Sure I found it terribly boring, unnecessary, and almost incomprehensible as a kid. My love for history didn't take a hold until I was a little older so the challenge for me is to deliver the information to my kids in a way that is interesting, relevant, and memorable. I'm not sure if I'm succeeding on all fronts - at least so far - but it's got to be better than when I was a kid. What I remember from middle and high school is dry text books, long lectures, and a few films shown from old movie projectors. This year our kids are watching creatively produced DVD's on high def TV, reading relevant books (for example: Killing Lincoln by Bill O'Reilly), and going on field trips to places like Boston and most recently our nation's capitol in D.C.
D.C. is not at it's best right now. Construction on the Mall, Washington Monument, and Smithsonian really doesn't make for a good first impression, but we didn't want to postpone our visit because we know that there is so much to see and it's really best done in several short trips compared to cramming everything into one long visit... at least that's how we feel.
|Grass project has Mall closed until Dec.|
Our first stop, after arriving at Regan National, dropping off luggage at hotel, and figuring out the Metro system, was the Museum of American History. This building would be the main focus of our trip as it falls in line with everything we are learning about from the Discovery of America to the Civil War. We only had an hour and half the first day before the museum closed so we made a bee-line upstairs to see the First Ladies' dresses. I realize that James and Dennis would most likely not be completely enamoured with the dresses and dishes, but the girls and I were overwhelmed to imagine each women wearing a particular dress or eating dinner on her finest china. I could have spent hours in that one room alone but feeling the pressure of time and knowing how much there was still to see, we pushed through hastily.

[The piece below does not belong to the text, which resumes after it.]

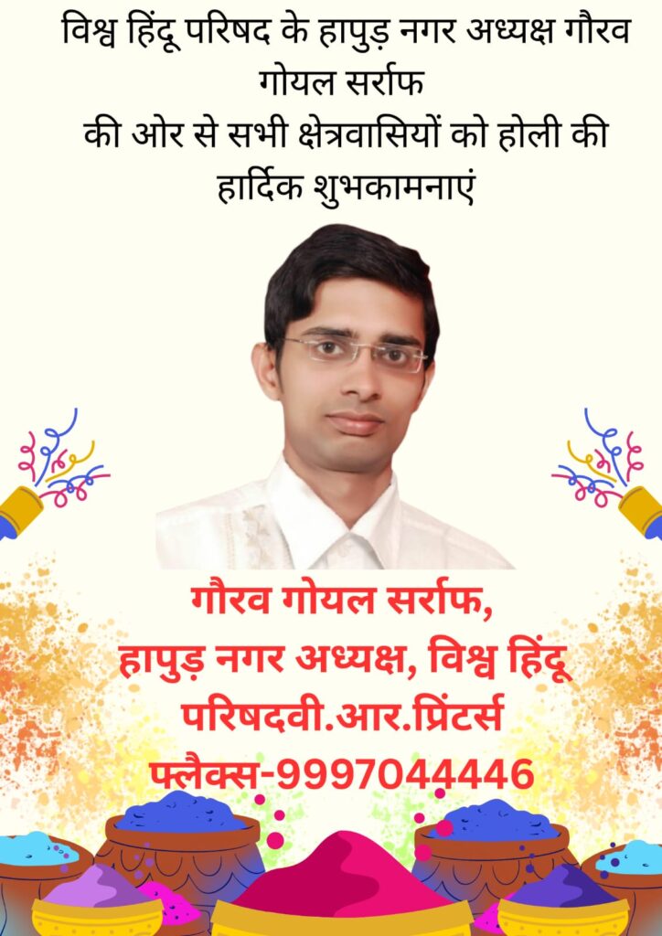 स्वर्णकार सिंह हापुड़ की ओर से सभी क्षेत्रवासियों को होली की हार्दिक शुभकामनाएं
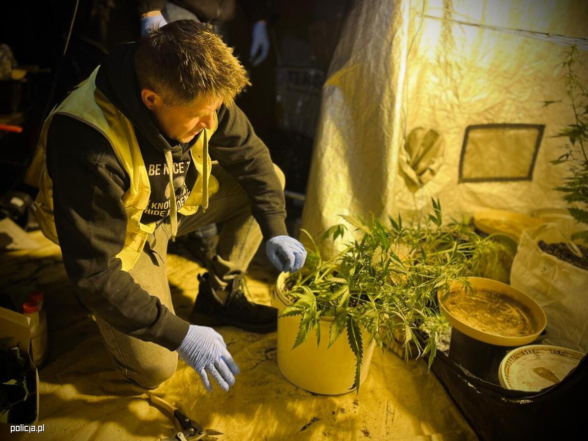 Po dotarciu pod ustalony adres, stróże prawa zauważyli podejrzewanego mężczyznę, który wychodził z wytypowanego lokalu. Natychmiast został wylegitymowany. 46 - latek podczas rozmowy przyznał, że posiada w mieszkaniu narkotyki. Przeszukanie potwierdziło, że miał schowane w słoiku substancje zabronione prawem. Intensywny zapach marihuany unoszący się w mieszkaniu, nie dawał spokoju policjantom. Ich przypuszczenia szybko się potwierdziły, gdyż w garderobie jedna ze ścian miała dziurę, która prowadziła do … nielegalnej plantacji. Pomieszczenie, w którym się znajdowała, wyposażone było w specjalistyczny sprzęt niezbędny do uprawy konopi, m.in. odpowiednie oświetlenie, wentylację, ogrzewanie oraz nawodnienie.

Next Dennis wanted to see the rare coins. This room would not have made my list of "must-see" American History, but James, desiring to see anything but dresses, thought this was a great idea. Only later after he wrote about it in his blog did I realize that it was one of the more memorable and interesting things he saw. The girls and I gave a cursory glance and moved on. With this our first day in the museum was over. The security guards ushered everyone out and the doors closed behind us at 5:30pm.
The weather in DC was absolutely beautiful so we walked toward the Washington Monument. Although it was closed it still made for great photo-ops. Notice the cartwheels and handstands performed by the girls.
It was a short walk down to the Lincoln Memorial so we headed in that direction taking in the WWII Memorial on the way there. I think the kids liked climbing the stairs up to the memorial more than the actual structure itself, then again, sometimes it's hard to tell what a person is taking in.
The walk back to the train station was long but manageable. It was late by the time we got around to having dinner. I think the kids will tell you that one of their highlights was ordering room service. Not sure why. Dennis and I went down to the lobby for a peaceful meal and to watch the VP debate.
The next morning we made our way back to the American History museum to see the other floors. There was so much to take in. My favorite was taking the kids through the "U.S. in Wars" exhibit. The display started with the Revolutionary War and contained artifacts, pictures, and explanations of each conflict. The history we have been studying was right there in front of us. From Washington's uniform to Lincoln's Hat... it was right there.
Unfortunately, Dennis and I were the only ones really excited. I think James was ready for a big nap, Kat had more fun with the hands-on displays, and Emily seemed somewhat interested but not all that impressed.
Another memorable display was the Star Spangled Banner room. We weren't allow to take pictures of it, but the original flag (or what's left of it) is displayed beautifully along with Francis Scott Key's story about writing it. Dennis and I had chills walking through the room; Emily, James, and Kat sat on the benches. They thought it was 'neat' but without a more mature perspective it's just an old flag, and I can't say as I blame them.
We pressed on seeing as much as we could with our remaining time. I couldn't get enough of the place but once again, the kids thought otherwise.
I think if you ask the kids, they'd tell you they did enjoy the trip and saw many cool things. It didn't surprise me that they were a little bored at times nor did it discourage me from continuing our American History studies. It's hard to say if the history switch will get "turned on" for any of our kids but even if it never becomes a focus of study like it did for me, it's still our duty and obligation to help them understand the great sacrifices and efforts that others made before them so that they can have the privilege and freedom to sit on their iPods and ignore all that is around them. Sounds odd, but I think their getting it and maybe one day, they'll set their electronics aside to become one of those great people that serves their country in some memorable way.